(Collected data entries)
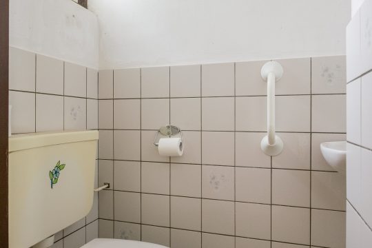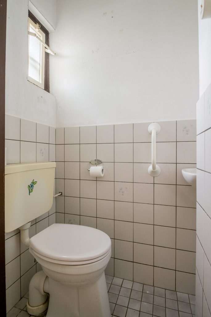 Toilet, deels betegeld en voorzien van een fonteintje en een closet met laaghangend reservoir.
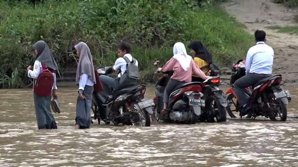 Alfi mengaku, ketika air sungai meluap, apalagi saat musim hujan seperti sekarang, ia bersama pelajar lainnya kerap terlambat bahkan gagal melanjutkan perjalanan menuju sekolah.
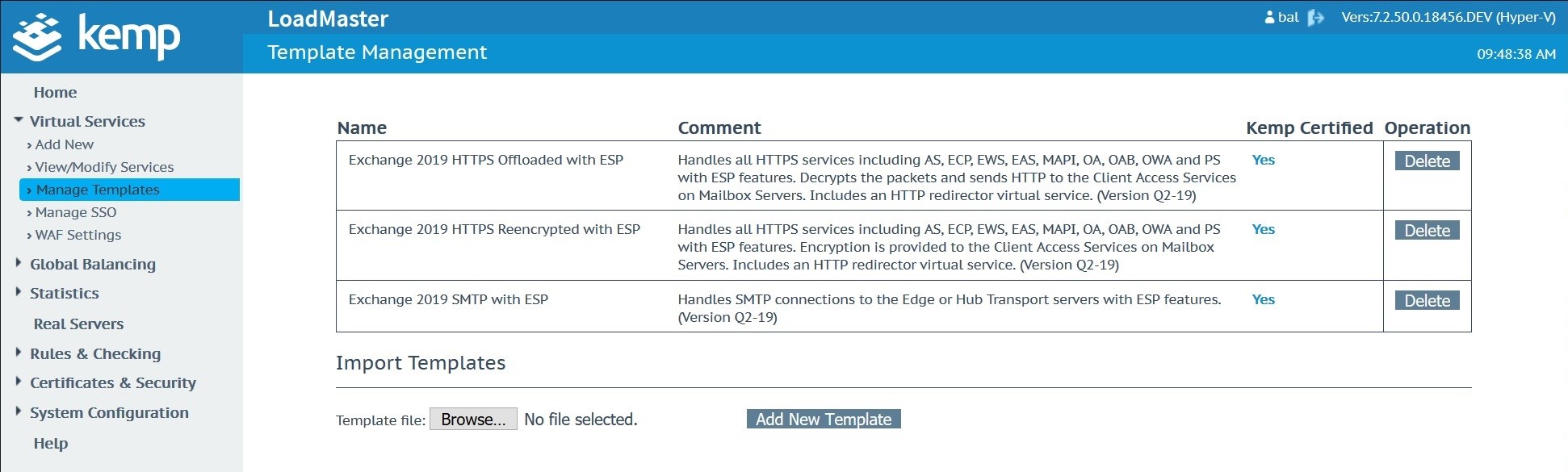 Import the template into your Kemp in the Manage Templates menu located under Virtual Services
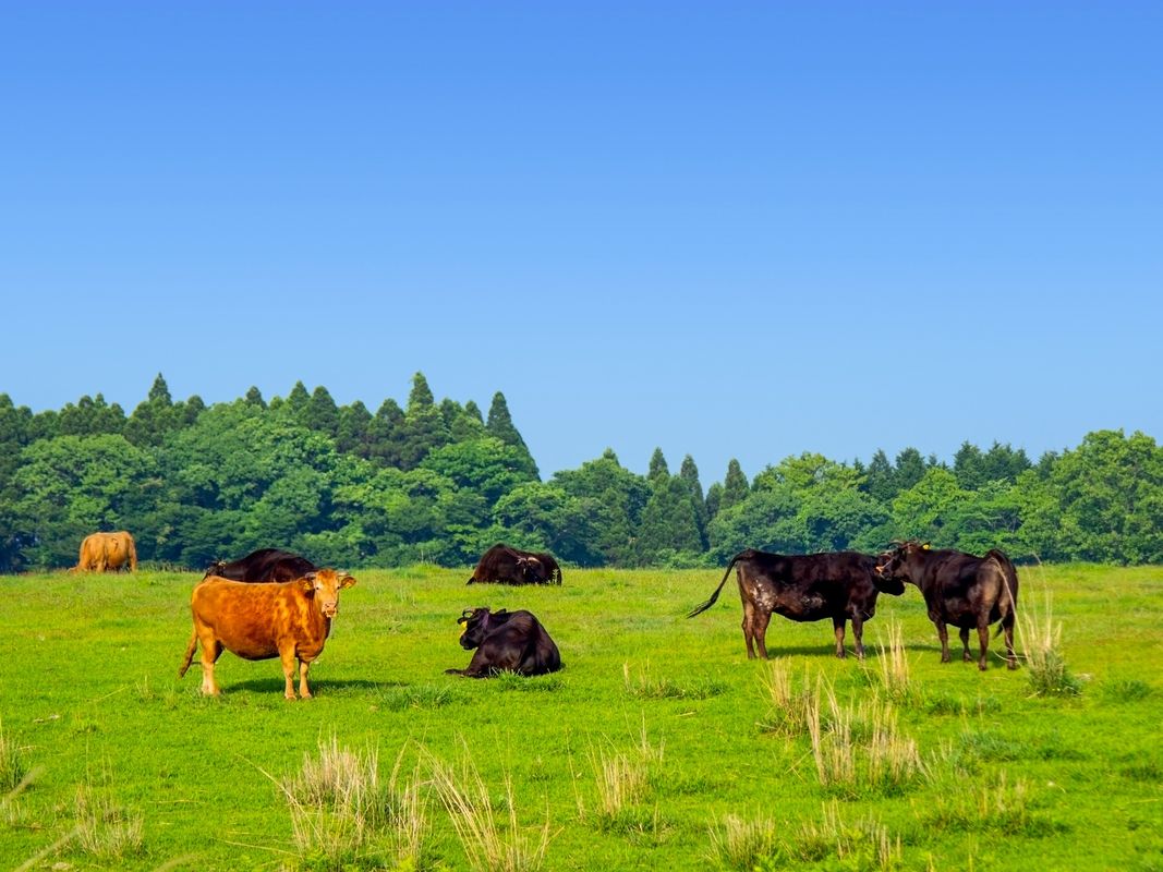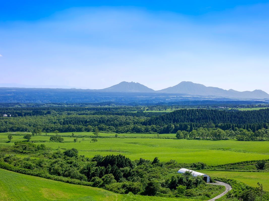 南小国町の東端に位置する標高約800メートルの高原地帯。一面大草原が広がっており、南には阿蘇五岳、北には九重連山を望むことができます。春は新緑、秋には紅葉やススキと、訪れるたびに移り変わる景色をご覧いただけます。
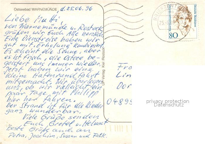 73717092 alte Postkarte Warnemuende Ostseebad Fliegeraufnahme Strand postalisch gelaufen Erhaltung siehe scans [LiesaD40] KatCode: 11110013003000
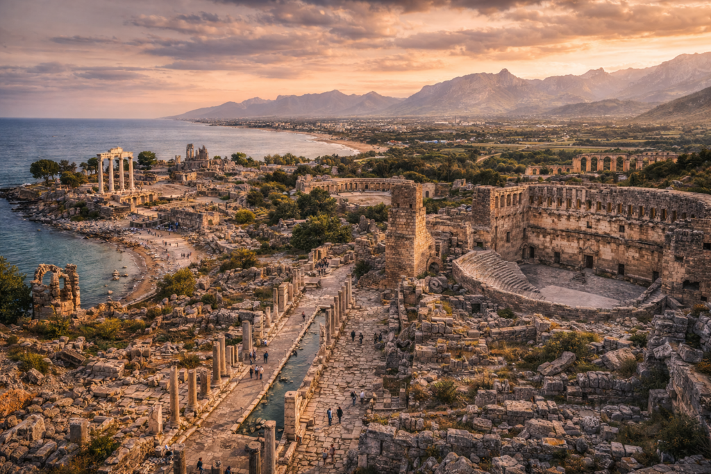 Attaleia (Antalya), Pamfilya’nın geç dönem kentlerinden biridir. Pergamon Kralı II. Attalos tarafından M.Ö. 2. yüzyılda kurulan kent, kısa sürede önemli bir liman ve ticaret merkezi hâline gelmiştir. Roma döneminde gelişimini sürdüren Attaleia, Orta Çağ boyunca da kesintisiz yerleşim görmüş nadir Pamfilya kentlerinden biridir. Günümüzde Antalya’nın tarihî çekirdeğini oluşturan Kaleiçi, antik liman ve sur sistemi bu sürekliliğin izlerini taşır.
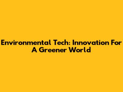 Environmental Tech: Innovation For A Greener World
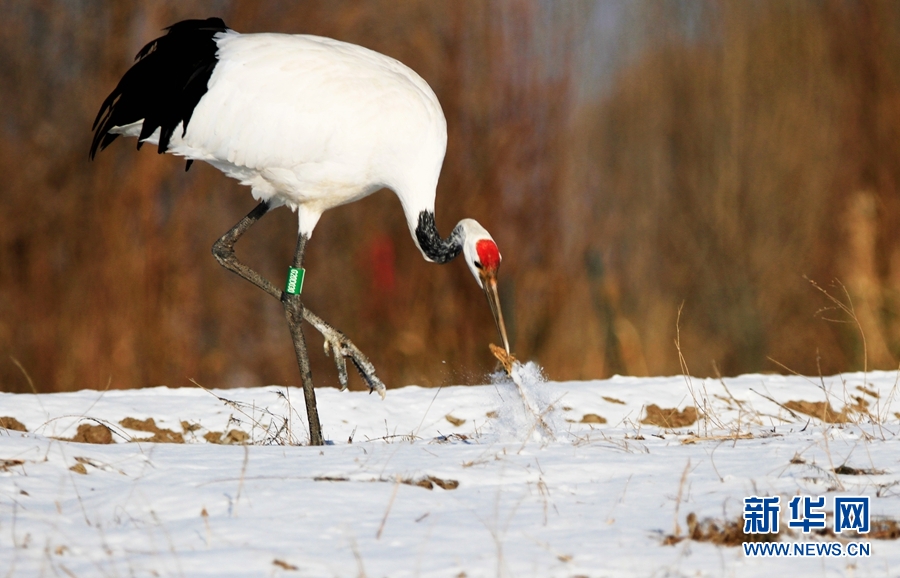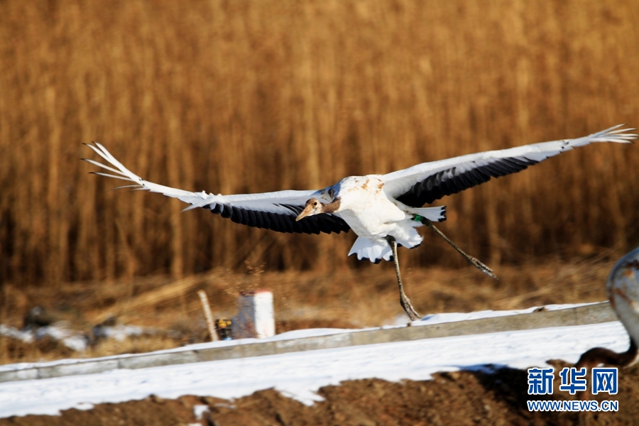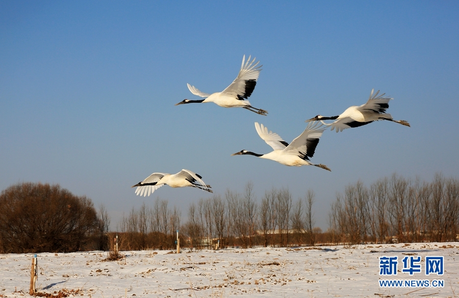 2月14日,雪后初晴,甘肅省張掖國(guó)家濕地公園放飛的十余只丹頂鶴翩翩起舞、嬉戲覓食,使雪后的濕地公園充滿生機(jī)。新華網(wǎng)發(fā)(陳禮 攝)
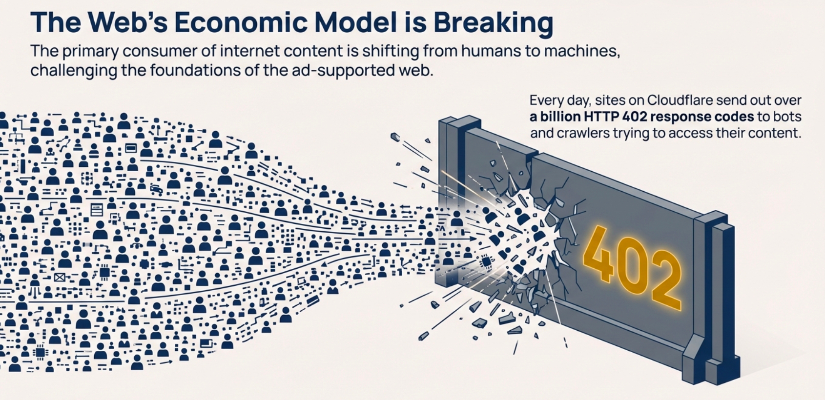 Cloudflare’s interest in x402 and “pay per crawl” fits neatly into this picture. As an edge network in front of a large share of web traffic, it is in a unique position to enforce 402-based gates on behalf of content owners. Rather than trying to block bots with CAPTCHAs or IP bans, Cloudflare proposes to change the economics of crawling so that large-scale scraping becomes unprofitable unless the scraper is willing to pay.

* _Problem statement_: Your answer must be the exact lines from the start of the data through the line with "73717092 alte Postkarte", inclusive, and nothing else; pictures do not belong in it.

* _Final answer_:
 Toilet, deels betegeld en voorzien van een fonteintje en een closet met laaghangend reservoir.
 Alfi mengaku, ketika air sungai meluap, apalagi saat musim hujan seperti sekarang, ia bersama pelajar lainnya kerap terlambat bahkan gagal melanjutkan perjalanan menuju sekolah.
 Import the template into your Kemp in the Manage Templates menu located under Virtual Services
 南小国町の東端に位置する標高約800メートルの高原地帯。一面大草原が広がっており、南には阿蘇五岳、北には九重連山を望むことができます。春は新緑、秋には紅葉やススキと、訪れるたびに移り変わる景色をご覧いただけます。
 73717092 alte Postkarte Warnemuende Ostseebad Fliegeraufnahme Strand postalisch gelaufen Erhaltung siehe scans [LiesaD40] KatCode: 11110013003000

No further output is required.